At Cummins & Bonestroo Law Office, we believe that an informed client creates a solid attorney-client relationship. Our full service law firm offers clients an in-depth understanding of the ramifications of their legal issues.
Our clients and their situations are unique and we would never offer a cookie-cutter approach to handling their cases. However, many of our clients find themselves looking for answers to some of their more basic questions. In order to accommodate our clients, our attorneys have written articles that explain legal topics geared toward answering our clients' questions.
If you are interested in learning more about particular topics in the practice areas we handle, please click on one of the following links for more information. We offer overviews of some of our more primary practice areas, such as wills and trusts, estate planning and family cabin planning. If you have further questions after reviewing this information, please feel free to contact us to set up an appointment so that we can discuss your situation in greater detail.
What is a trust?
A trust is a legal entity. A trust owns an asset that is held by one person, called the trustee, for the benefit of another person, called the beneficiary. The person establishing the trust is called the grantor. The grantor chooses whom he or she wants to be the trustee. The trustee should be someone the grantor believes will carry out the purpose of the trust faithfully. The trustee cannot also be a beneficiary of the trust.

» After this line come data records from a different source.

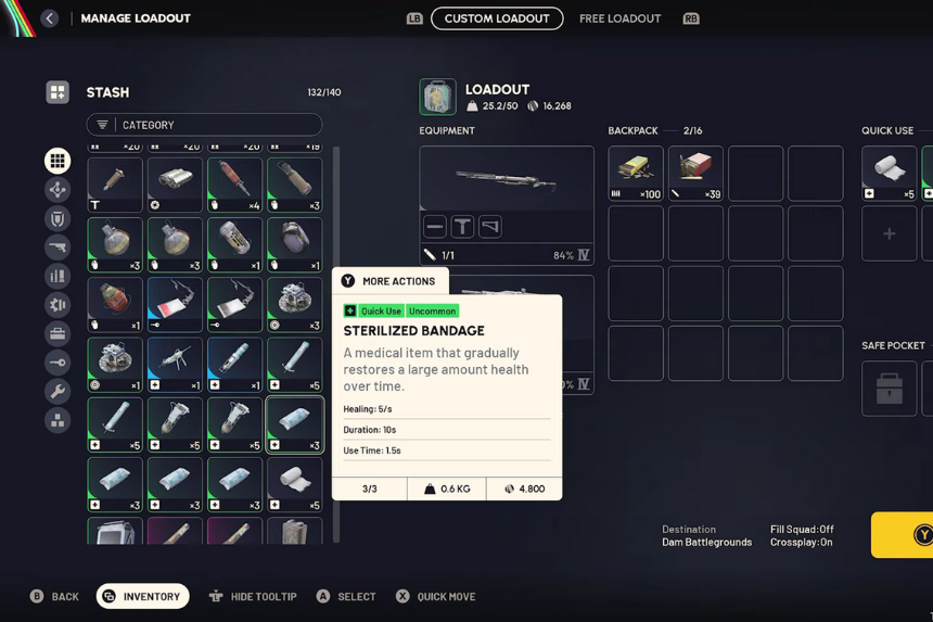 - Ordina per priorità: tieni munizioni, kit medici e granate nella prima pagina dell’inventario per un rapido accesso in combattimento.
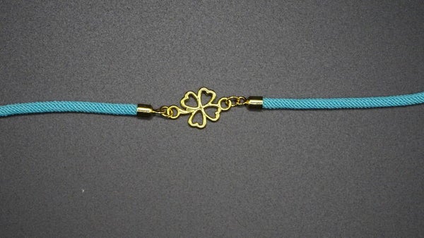 Bracelet avec un cordon réglable en coton et acrylique bleu ciel.
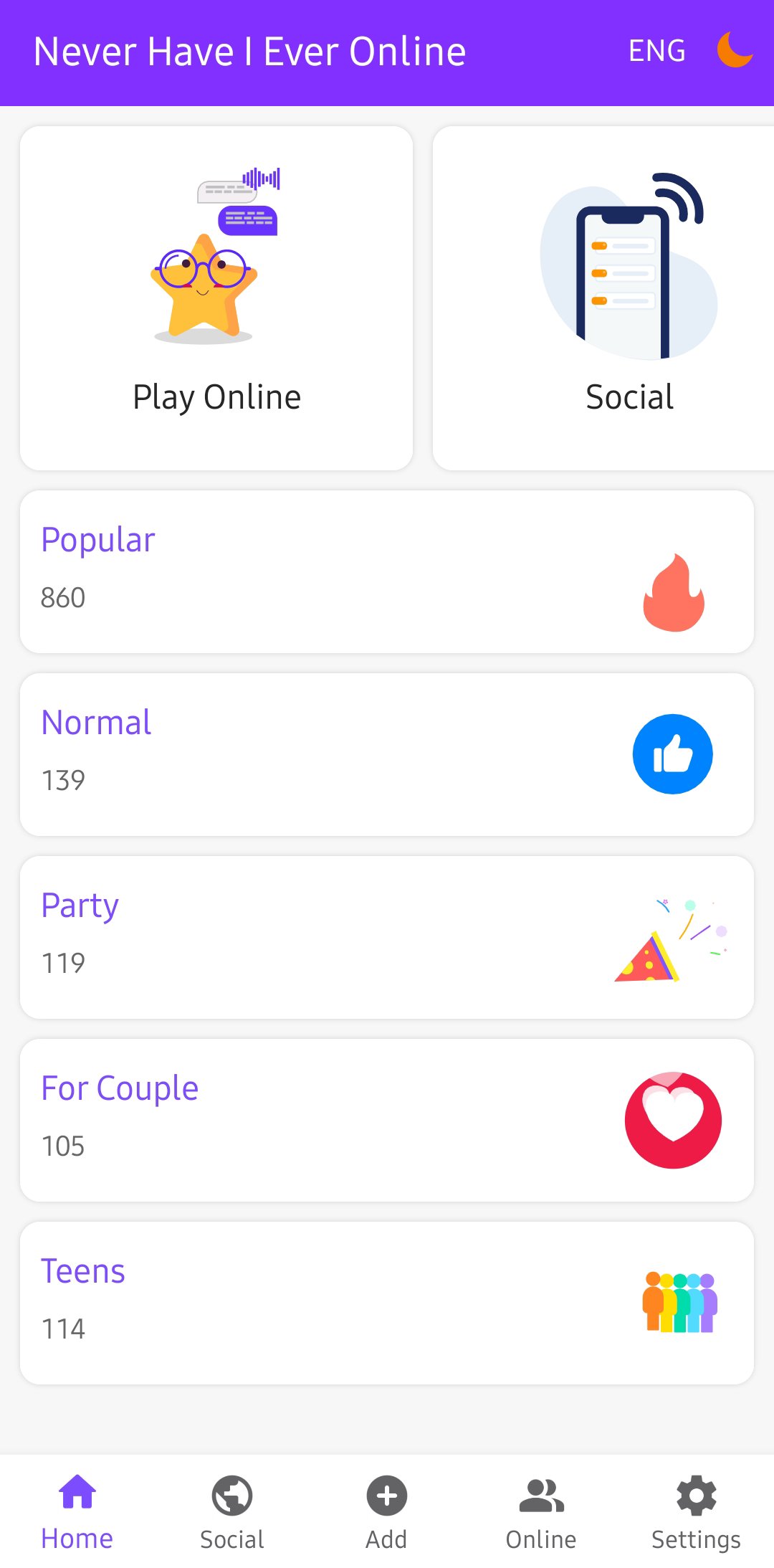 Jika anda tidak dapat bertemu rakan anda dan tidak boleh pergi ke pesta bermain dengan mereka dalam talian atau bermain dengan orang yang tidak dikenali. Cipta bilik permainan dalam talian persendirian atau awam dan jemput rakan anda, bertukar-tukar mesej dan banyak lagi... Anda boleh mencipta soalan anda sendiri dan menyimpannya , anda juga boleh berkongsi soalan Jangan Sekali-kali anda kepada kategori sosial dan kemudian sesiapa sahaja boleh menikmatinya.

A trust can be revocable or irrevocable. A revocable trust can be changed or terminated by the grantor at any time, for any reason. An irrevocable trust, however, cannot be changed or terminated for any reason by the grantor at any time.
A trust also can be a living trust or a testamentary trust. A living trust, also known as an inter vivos trust, is created while you are alive and is not part of the probate estate, thus helping you avoid probate and the costs associated with it. A testamentary trust is created through a will, and as a consequence, generally must go through the probate process.
Do I need a will?
When you die without a will, you die intestate. If you die intestate, the laws in the state where you live at the time of your death control the distribution of your assets. If you have property in more than one state, the laws of the state where the property is located will determine distribution. The state may appoint a lawyer to oversee the distribution of your estate and that lawyer will be paid out of your estate's assets. The state may even claim your property if you have no apparent heirs. If you do have heirs, they may be forced to pay sizable taxes in order to keep any of your property. The state also will appoint a person they feel is a suitable guardian for any minor children you may have left behind.

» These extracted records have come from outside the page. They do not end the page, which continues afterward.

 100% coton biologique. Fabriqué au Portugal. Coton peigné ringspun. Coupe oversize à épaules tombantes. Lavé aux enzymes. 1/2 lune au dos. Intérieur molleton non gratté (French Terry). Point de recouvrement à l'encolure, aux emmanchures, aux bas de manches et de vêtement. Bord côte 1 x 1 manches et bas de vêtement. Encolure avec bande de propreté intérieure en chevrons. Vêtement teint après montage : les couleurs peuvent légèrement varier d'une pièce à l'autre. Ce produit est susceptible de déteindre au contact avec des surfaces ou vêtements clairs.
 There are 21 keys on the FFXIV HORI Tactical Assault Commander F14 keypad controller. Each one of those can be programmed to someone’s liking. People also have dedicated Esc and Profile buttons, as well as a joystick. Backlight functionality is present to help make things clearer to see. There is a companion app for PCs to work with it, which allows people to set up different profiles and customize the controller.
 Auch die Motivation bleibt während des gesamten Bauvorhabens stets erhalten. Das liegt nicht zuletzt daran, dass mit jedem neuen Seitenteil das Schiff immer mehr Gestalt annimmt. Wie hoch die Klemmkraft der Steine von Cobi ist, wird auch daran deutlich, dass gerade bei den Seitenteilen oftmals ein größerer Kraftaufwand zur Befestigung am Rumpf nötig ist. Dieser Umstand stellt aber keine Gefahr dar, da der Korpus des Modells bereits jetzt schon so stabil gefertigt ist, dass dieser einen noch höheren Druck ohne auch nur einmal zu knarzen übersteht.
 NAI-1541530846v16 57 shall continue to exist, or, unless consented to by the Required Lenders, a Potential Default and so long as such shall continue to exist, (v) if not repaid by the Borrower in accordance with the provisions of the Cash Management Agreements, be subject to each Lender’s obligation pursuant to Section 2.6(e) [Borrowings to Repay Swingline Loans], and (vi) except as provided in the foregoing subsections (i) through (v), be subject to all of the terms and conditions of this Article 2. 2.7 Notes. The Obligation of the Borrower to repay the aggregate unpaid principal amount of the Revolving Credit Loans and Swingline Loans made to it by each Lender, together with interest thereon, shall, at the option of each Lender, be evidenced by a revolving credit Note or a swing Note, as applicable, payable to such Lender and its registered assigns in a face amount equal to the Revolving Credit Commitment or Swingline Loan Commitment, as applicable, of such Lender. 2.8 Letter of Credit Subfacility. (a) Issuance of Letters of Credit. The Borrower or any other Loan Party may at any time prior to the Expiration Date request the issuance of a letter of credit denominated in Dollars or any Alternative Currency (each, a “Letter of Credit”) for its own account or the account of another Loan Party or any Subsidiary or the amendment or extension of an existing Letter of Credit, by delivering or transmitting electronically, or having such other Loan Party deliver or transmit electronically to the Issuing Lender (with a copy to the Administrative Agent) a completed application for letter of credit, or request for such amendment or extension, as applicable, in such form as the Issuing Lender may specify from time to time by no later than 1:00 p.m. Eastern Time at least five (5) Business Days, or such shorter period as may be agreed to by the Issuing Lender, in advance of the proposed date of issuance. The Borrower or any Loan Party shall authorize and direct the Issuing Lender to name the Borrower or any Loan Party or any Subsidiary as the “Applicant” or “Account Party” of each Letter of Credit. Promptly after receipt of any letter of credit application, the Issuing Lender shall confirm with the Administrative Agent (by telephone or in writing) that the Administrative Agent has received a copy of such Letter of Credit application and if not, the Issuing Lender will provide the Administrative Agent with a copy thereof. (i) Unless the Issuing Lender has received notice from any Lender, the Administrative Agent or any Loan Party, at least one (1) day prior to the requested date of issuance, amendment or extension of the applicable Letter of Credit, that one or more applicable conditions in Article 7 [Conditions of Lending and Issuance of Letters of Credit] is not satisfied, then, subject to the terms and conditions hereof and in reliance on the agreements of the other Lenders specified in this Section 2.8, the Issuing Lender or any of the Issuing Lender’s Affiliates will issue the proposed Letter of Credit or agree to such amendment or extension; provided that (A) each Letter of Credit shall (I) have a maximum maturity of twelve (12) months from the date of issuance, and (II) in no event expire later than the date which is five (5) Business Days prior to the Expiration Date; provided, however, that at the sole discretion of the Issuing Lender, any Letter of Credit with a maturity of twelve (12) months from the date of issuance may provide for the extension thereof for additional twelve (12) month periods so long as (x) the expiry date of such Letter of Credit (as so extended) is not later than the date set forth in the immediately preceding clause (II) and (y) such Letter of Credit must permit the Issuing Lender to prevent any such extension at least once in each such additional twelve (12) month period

Because you have not expressed your wishes, the state will substitute its own judgment regarding the distribution of assets to the following people:
- Your spouse: Most states provide a certain share of the estate to the surviving spouse. This amount is usually taken off the top before any claims by creditors and other heirs are paid. Many states also give the surviving spouse an interest in any real estate owned by the decedent.
- Your children: If you have children, they also will receive a portion of your estate. The amount can depend on whether your spouse was also their biological parent, whether you have children from a previous marriage, whether your spouse is deceased and other factors. If you do not have a will, minor children could end up with a large sum of money. In these situations, the court normally will appoint a guardian to manage the money until your children reach 18.
- Your parents and siblings: If you are unmarried and have no children, your estate will go to your parent(s) or, if they have both died, to your brothers and sisters. Similarly, if you are married but have no children, the portion of your estate remaining after your spouse receives his or her share will go to your parents, or if they have both died, to your brothers and sisters.